Auf vielen Internetseiten, wie z.B. onlinespielsucht.de oder rollenspielsucht.de, lassen sich Berichte von Betroffenen finden. Als Paradebeispiel für ein Spiel mit besonders hohem Suchtpotenzial wird häufig das erfolgreichste Multiplayer-Rollenspiel World of Warcraft genannt. Das Spiel hatte zu Höchstzeiten bis zu zwölf Millionen aktive Spieler. Dort gibt es so genannte „Instanzen“, bei denen sich bis zu vierzig Spieler in einer Gruppe versammeln können, um die schwierigsten Inhalte, die die Instanzen bieten, zu meistern. Dazu ist viel Absprache und Kommunikation nötig. Aus diesem Grund gibt es für diese Instanzen Gilden (ein Zusammenschluss aus vielen Spielern), die sich besonders auf das Abschließen dieser harten Instanzen konzentriert haben. In diesen Gilden, die auch Hardcore-Gilden genannt werden, gibt es sehr scharfe Regeln und eine ausgefeilte Hierarchie. Eine Instanz kann bis zu acht Stunden dauern, weshalb nur die aktivsten Spieler einen Platz in einer Gilde einnehmen können. Wer nicht den ganzen Tag vor dem Computer verbringen will und weniger als acht Stunden spielt, wird aus der Gilde hinausgeworfen, da er sehr schnell nicht mehr die benötigte Ausrüstung hat, um mitzumachen. Während einer Instanz ist es nicht gerne gesehen kurz den Rechner zu verlassen, um z.B. etwas zu essen oder sonstiges zu erledigen. Der gegenseitige Druck der Spieler solcher Gilden ist enorm. Jeder will immer mithalten und an jedem Tag möglichst viel erreichen, um nicht den Anschluss zu verlieren. Besonders im asiatischen Raum hört man auch immer wieder von Todesfällen am Rechner. Dort führten Spieler Sessions von über fünfzig Stunden und starben später an Erschöpfung. Dies sind jedoch absolute Ausnahmefälle.
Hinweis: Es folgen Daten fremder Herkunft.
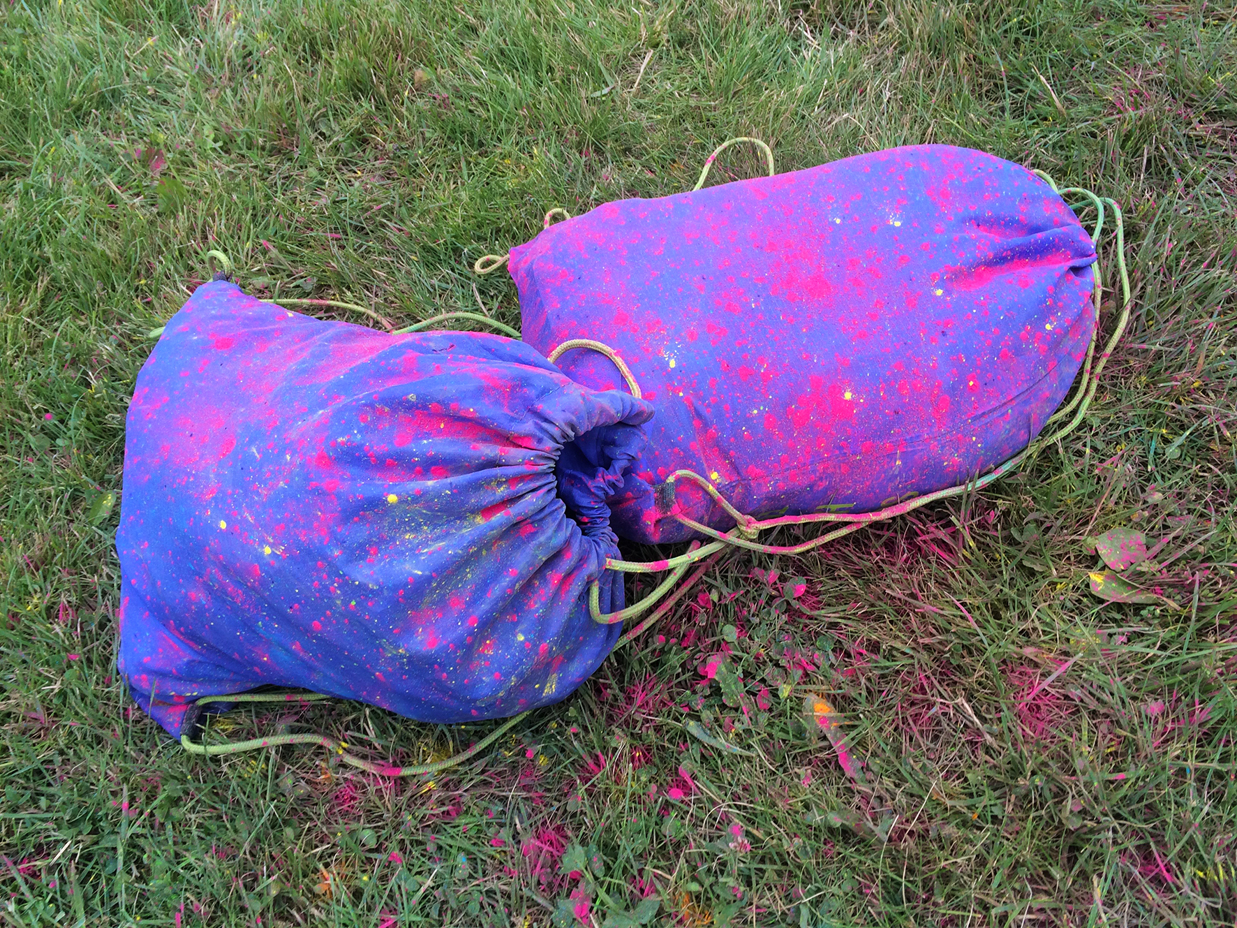 I det första färgschemat är fördelningen av bollarnas kulörer lite spretigt (tv). Jag inser att två av bollarna jag har fotograferat är från en egen sändning, den orange och den mest intensivt gröna. Tar vi bort de två tidigare bollarnas kulörer (th) fördelas de kvarvarande mer symmetriskt. Såhär:

Anzeichen für Online-Spielsucht

Nun darf man natürlich nicht direkt pauschalisieren und alle WoW-Spieler oder andere MMORPG-Spieler als abhängig titulieren. Der größte Teil der Spieler sind ganz normale Menschen mit einem geregelten Leben und einer Spielzeit, die nicht weiter bedenklich ist. World of Warcraft ist ein hervorragendes Spiel und kann durchaus auch Kindern empfohlen werden. Eltern sollten jedoch ihr Kind im Auge behalten und darauf achten, dass der Spielkonsum in normalen Bahnen bleibt. Erste Anzeichen einer Spielsucht sind z.B. ein plötzlicher Leistungsabfall in der Schule, wenn das Kind ständig in Gedanken woanders zu sein scheint, sich mehr und mehr in seinem Zimmer aufhält und nicht mehr mit Freunden unterwegs ist.

Es gibt sogar einen hilfreichen Online-Test für Eltern, bei dem sie selbst testen können, ob ihr Kind Anzeichen einer Online-Spielsucht aufweist. Außerdem lassen sich auf der Seite viele Berichte von Betroffenen finden und hilfreiche Tipps zur Behandlung der Sucht.